Work order. The data below should be printed in full, exactly, and without any of its images.

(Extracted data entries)

>>>

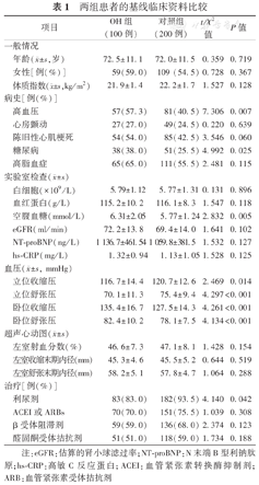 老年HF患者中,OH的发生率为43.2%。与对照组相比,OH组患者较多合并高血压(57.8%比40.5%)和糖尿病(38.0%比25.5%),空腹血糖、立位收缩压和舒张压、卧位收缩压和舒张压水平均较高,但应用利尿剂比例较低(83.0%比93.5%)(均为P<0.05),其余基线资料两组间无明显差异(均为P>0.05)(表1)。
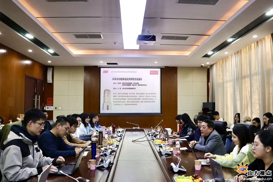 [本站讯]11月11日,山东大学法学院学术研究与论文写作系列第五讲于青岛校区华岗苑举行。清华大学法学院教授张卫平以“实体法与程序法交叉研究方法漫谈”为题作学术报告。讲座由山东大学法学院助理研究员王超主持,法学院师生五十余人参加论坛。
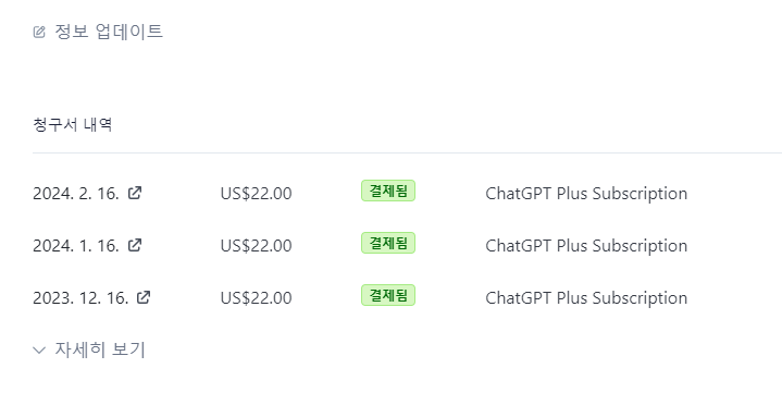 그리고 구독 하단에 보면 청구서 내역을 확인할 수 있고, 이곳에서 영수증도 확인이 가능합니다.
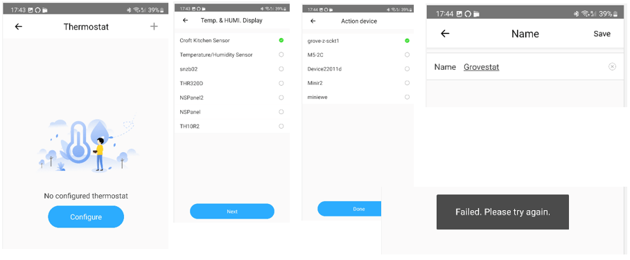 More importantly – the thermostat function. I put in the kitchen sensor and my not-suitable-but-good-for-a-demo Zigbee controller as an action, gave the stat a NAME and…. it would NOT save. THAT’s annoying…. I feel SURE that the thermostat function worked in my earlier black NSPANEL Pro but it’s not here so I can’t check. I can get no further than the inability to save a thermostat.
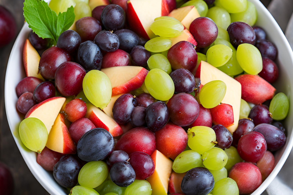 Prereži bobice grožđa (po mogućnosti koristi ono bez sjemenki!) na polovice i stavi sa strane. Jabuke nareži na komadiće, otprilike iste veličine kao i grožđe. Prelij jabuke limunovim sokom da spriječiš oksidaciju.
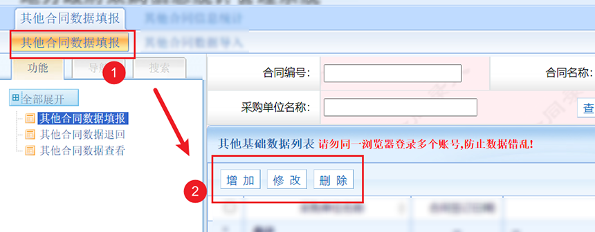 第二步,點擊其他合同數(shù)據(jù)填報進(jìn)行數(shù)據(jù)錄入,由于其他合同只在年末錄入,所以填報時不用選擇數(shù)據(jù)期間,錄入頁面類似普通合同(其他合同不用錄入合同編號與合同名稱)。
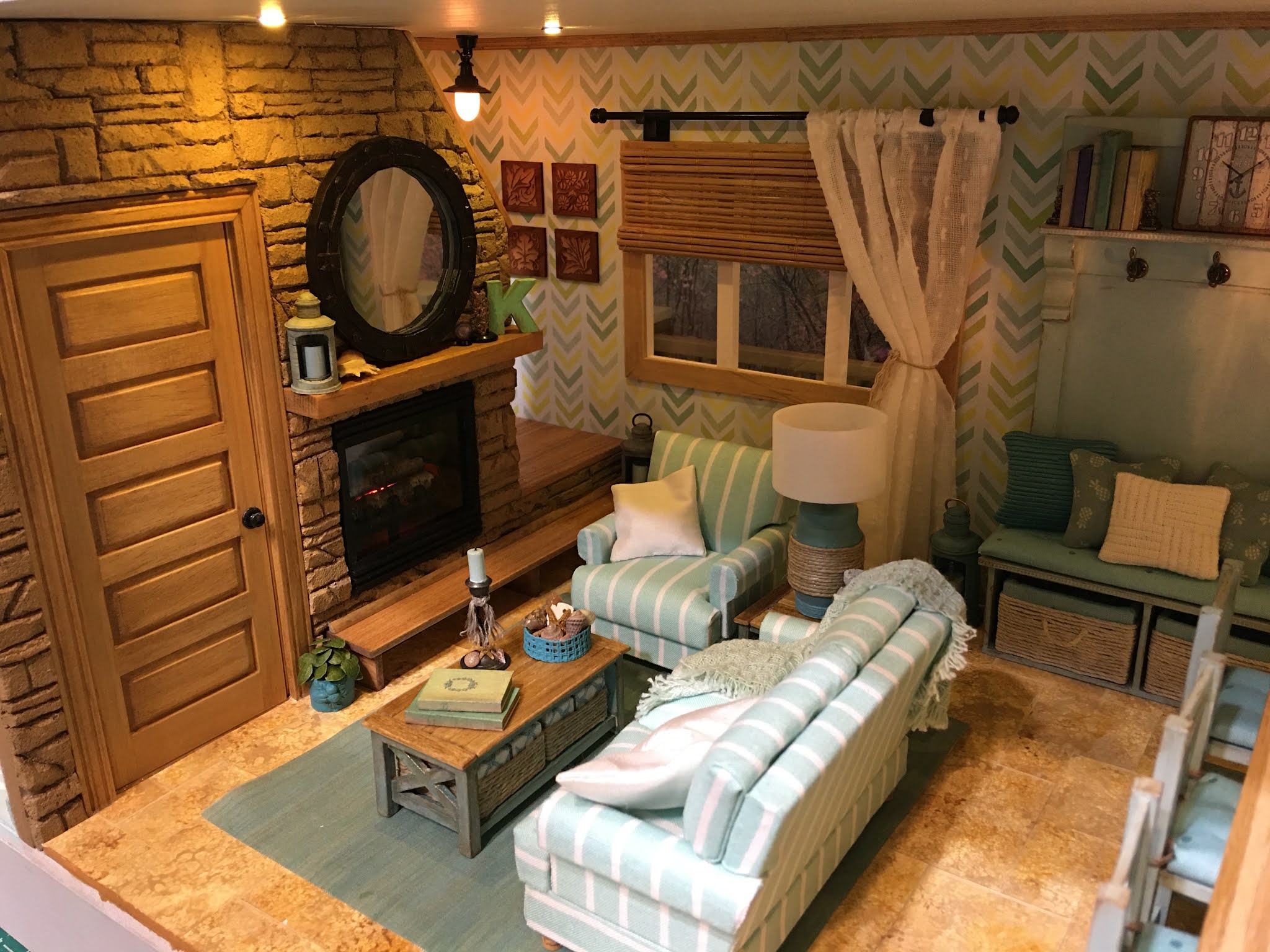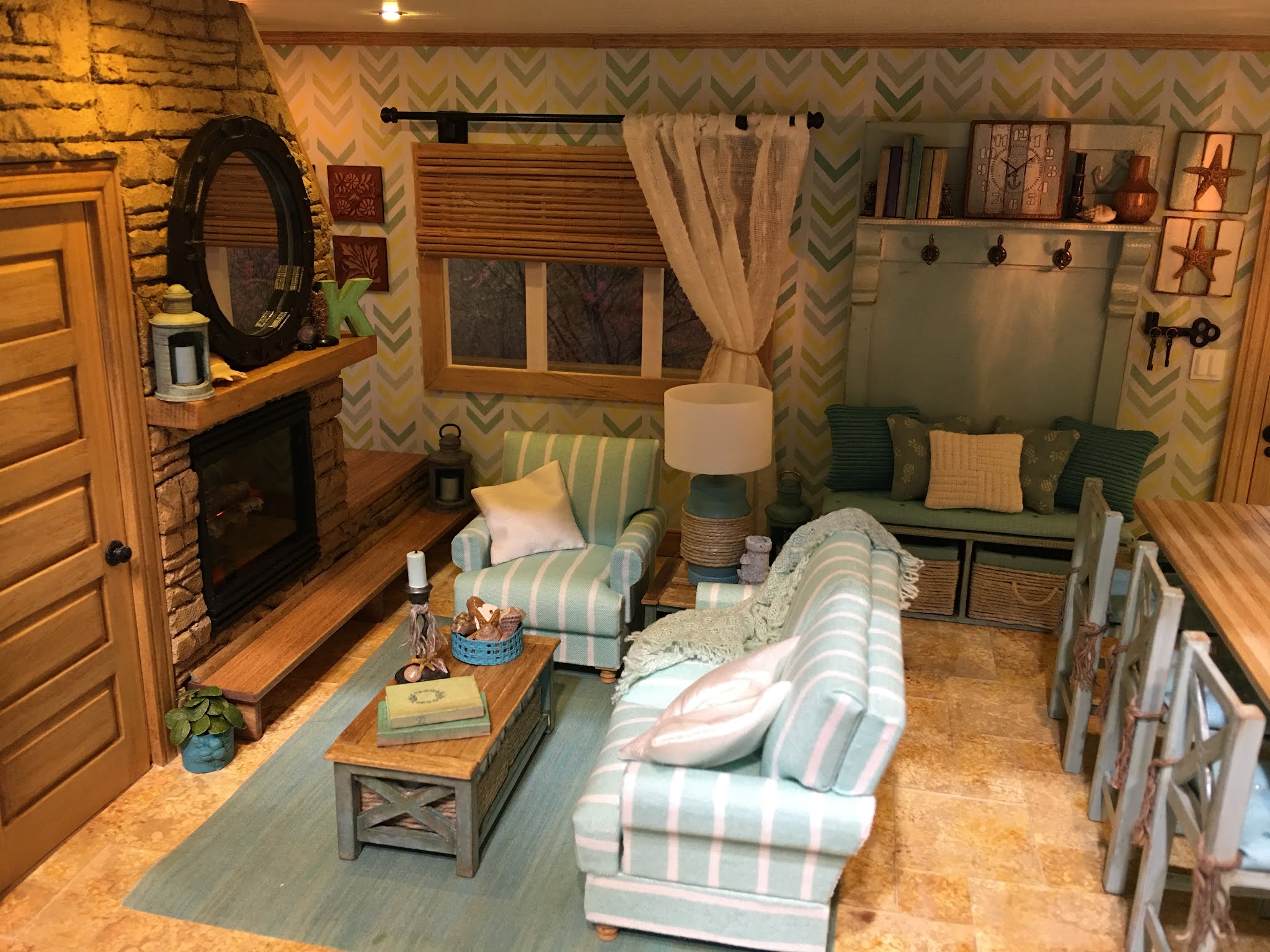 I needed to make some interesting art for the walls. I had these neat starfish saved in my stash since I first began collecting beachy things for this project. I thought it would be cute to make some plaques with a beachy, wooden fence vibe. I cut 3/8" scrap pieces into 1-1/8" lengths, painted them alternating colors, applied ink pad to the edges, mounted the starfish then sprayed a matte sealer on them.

<<<

Solution for this task.
 老年HF患者中,OH的发生率为43.2%。与对照组相比,OH组患者较多合并高血压(57.8%比40.5%)和糖尿病(38.0%比25.5%),空腹血糖、立位收缩压和舒张压、卧位收缩压和舒张压水平均较高,但应用利尿剂比例较低(83.0%比93.5%)(均为P<0.05),其余基线资料两组间无明显差异(均为P>0.05)(表1)。
 [本站讯]11月11日,山东大学法学院学术研究与论文写作系列第五讲于青岛校区华岗苑举行。清华大学法学院教授张卫平以“实体法与程序法交叉研究方法漫谈”为题作学术报告。讲座由山东大学法学院助理研究员王超主持,法学院师生五十余人参加论坛。
 그리고 구독 하단에 보면 청구서 내역을 확인할 수 있고, 이곳에서 영수증도 확인이 가능합니다.
 More importantly – the thermostat function. I put in the kitchen sensor and my not-suitable-but-good-for-a-demo Zigbee controller as an action, gave the stat a NAME and…. it would NOT save. THAT’s annoying…. I feel SURE that the thermostat function worked in my earlier black NSPANEL Pro but it’s not here so I can’t check. I can get no further than the inability to save a thermostat.
 Prereži bobice grožđa (po mogućnosti koristi ono bez sjemenki!) na polovice i stavi sa strane. Jabuke nareži na komadiće, otprilike iste veličine kao i grožđe. Prelij jabuke limunovim sokom da spriječiš oksidaciju.
 第二步,點擊其他合同數(shù)據(jù)填報進(jìn)行數(shù)據(jù)錄入,由于其他合同只在年末錄入,所以填報時不用選擇數(shù)據(jù)期間,錄入頁面類似普通合同(其他合同不用錄入合同編號與合同名稱)。
 I needed to make some interesting art for the walls. I had these neat starfish saved in my stash since I first began collecting beachy things for this project. I thought it would be cute to make some plaques with a beachy, wooden fence vibe. I cut 3/8" scrap pieces into 1-1/8" lengths, painted them alternating colors, applied ink pad to the edges, mounted the starfish then sprayed a matte sealer on them.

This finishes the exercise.